▶ _Task_: Leave the pictures out and give every entry again exactly.

▶ _Available data_:
====
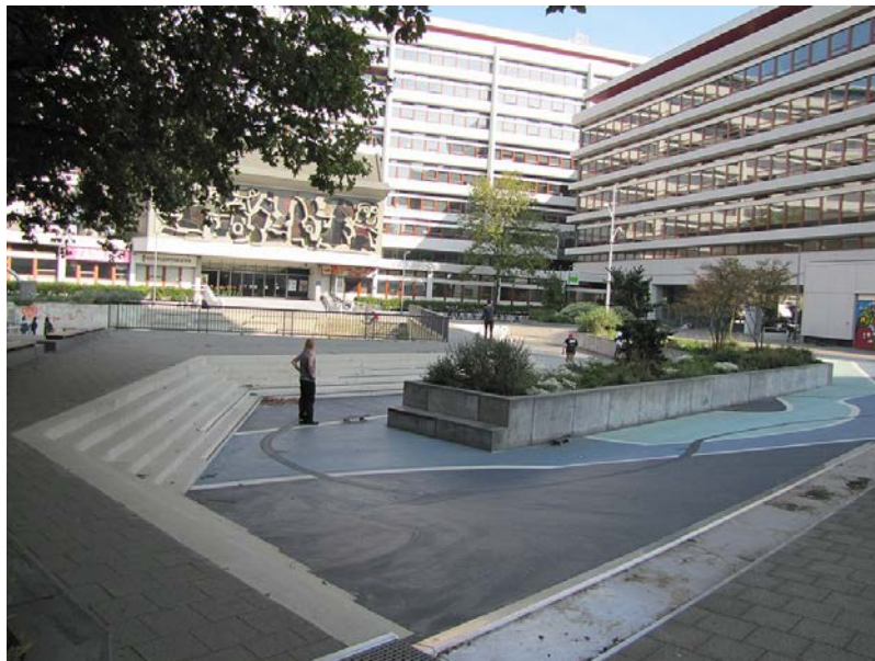
Figure 4: Bentheplein water square in Rotterdam created in 2013 for the rainwater management

Part of the city (historic commercial district, port) remains vulnerable because it is located outside the ring dikes. In addition, the city centre is particularly sensitive to storm rainfall because the ground has been completely waterproofed and there is no possibility of creating storage capacity on public space 14 .
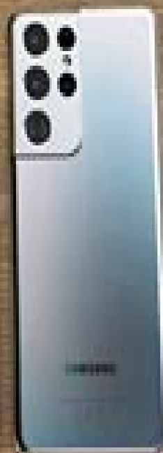
Galaxy S21 Ultra
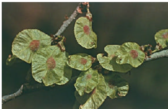
Slippery elm
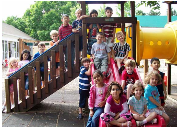
The Ohio State University Child Care Program Class of 2009

Older Children: Helping take care of pets gives older children feelings of responsibility. Pets can boost self-esteem by giving children an experience of unconditional love. No matter what's going on at school, or with their friends, pets treat children the same way. Finally, older children can learn about the life cycle from pets.
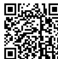
Smith County 4-H
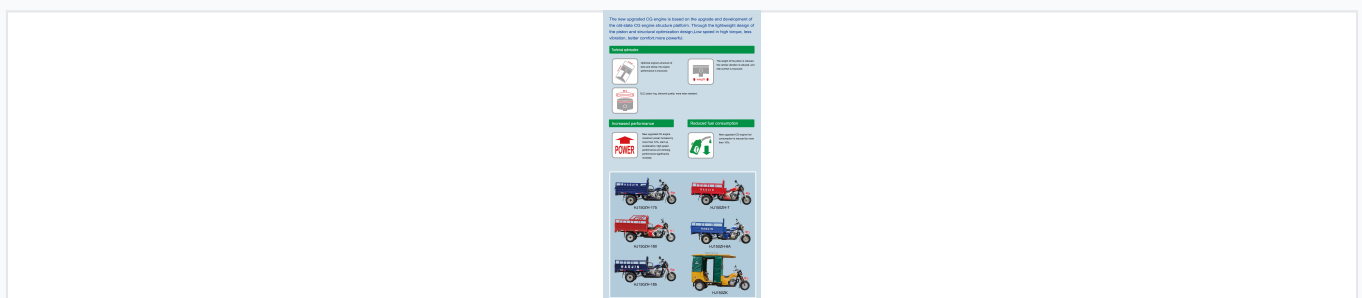
Technical optimization details, including piston weight reduction and performance improvements.
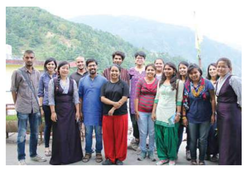
Interaction and discussion with the participants of Little Lhasa Program-SFT.
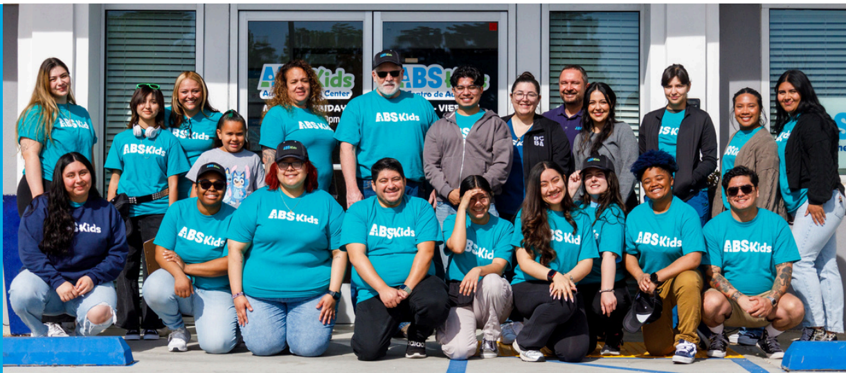
Chino, CA Grand Opening Sensory Friendly Swing into Spring
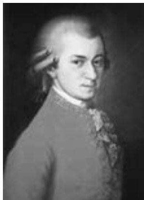
In Vienna Mozart became known as a composer and piano virtuoso (posthumous portrait by Barbara Krafft, 1819)

This is the Sydney Symphony's first performance of the concerto.
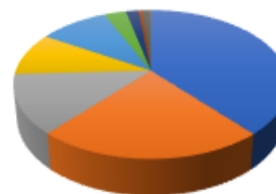
Incoming Resources 2019/20 Value
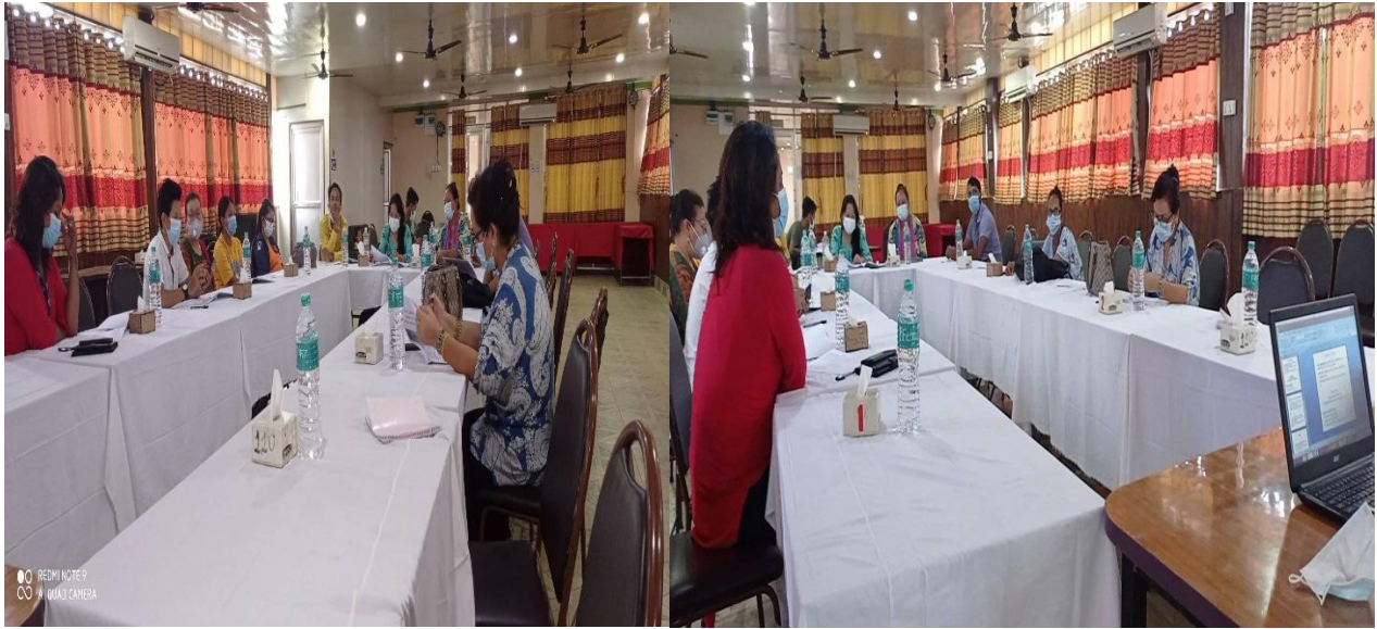
Pics: Coordination and sharing meeting with Prayash Mahila Samuha, Sunsari
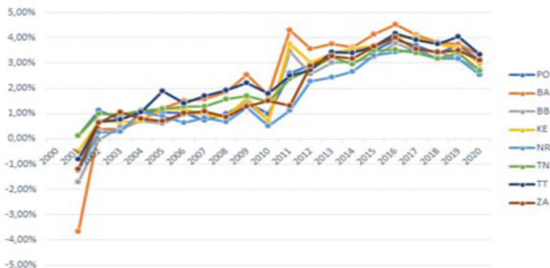
Figure 3. Change in the number of population by regions and years aged 65 plus.

Based on the above facts, it is expected that the growth dynamics of the population over 65 years of age will continue to differ in individual regions. Next, factor II listed in Table no. 6 was researched, i.e. the percentage change in the number of residents over 65 years of age was monitored.
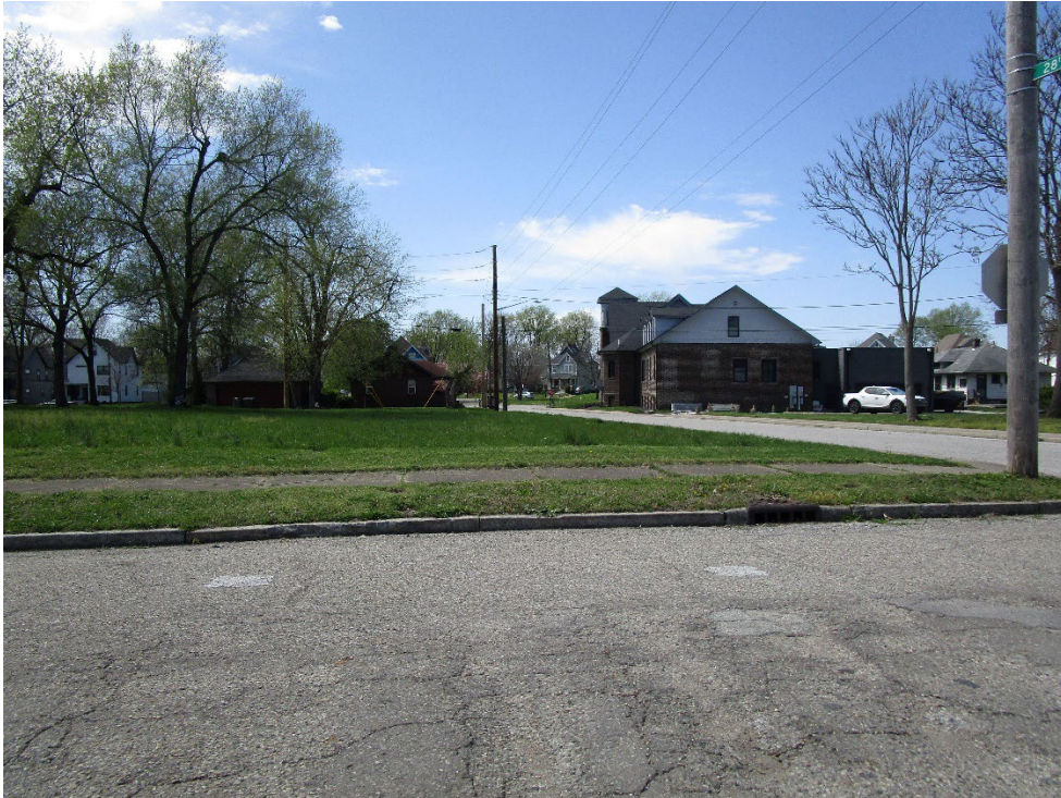
View looking northwest across intersection of Winthrop Avenue and East 28th Street
====
▶ _Completed task_:
Figure 4: Bentheplein water square in Rotterdam created in 2013 for the rainwater management

Part of the city (historic commercial district, port) remains vulnerable because it is located outside the ring dikes. In addition, the city centre is particularly sensitive to storm rainfall because the ground has been completely waterproofed and there is no possibility of creating storage capacity on public space 14 .
Galaxy S21 Ultra
Slippery elm
The Ohio State University Child Care Program Class of 2009

Older Children: Helping take care of pets gives older children feelings of responsibility. Pets can boost self-esteem by giving children an experience of unconditional love. No matter what's going on at school, or with their friends, pets treat children the same way. Finally, older children can learn about the life cycle from pets.
Smith County 4-H
Technical optimization details, including piston weight reduction and performance improvements.
Interaction and discussion with the participants of Little Lhasa Program-SFT.
Chino, CA Grand Opening Sensory Friendly Swing into Spring
In Vienna Mozart became known as a composer and piano virtuoso (posthumous portrait by Barbara Krafft, 1819)

This is the Sydney Symphony's first performance of the concerto.
Incoming Resources 2019/20 Value
Pics: Coordination and sharing meeting with Prayash Mahila Samuha, Sunsari
Figure 3. Change in the number of population by regions and years aged 65 plus.

Based on the above facts, it is expected that the growth dynamics of the population over 65 years of age will continue to differ in individual regions. Next, factor II listed in Table no. 6 was researched, i.e. the percentage change in the number of residents over 65 years of age was monitored.
View looking northwest across intersection of Winthrop Avenue and East 28th Street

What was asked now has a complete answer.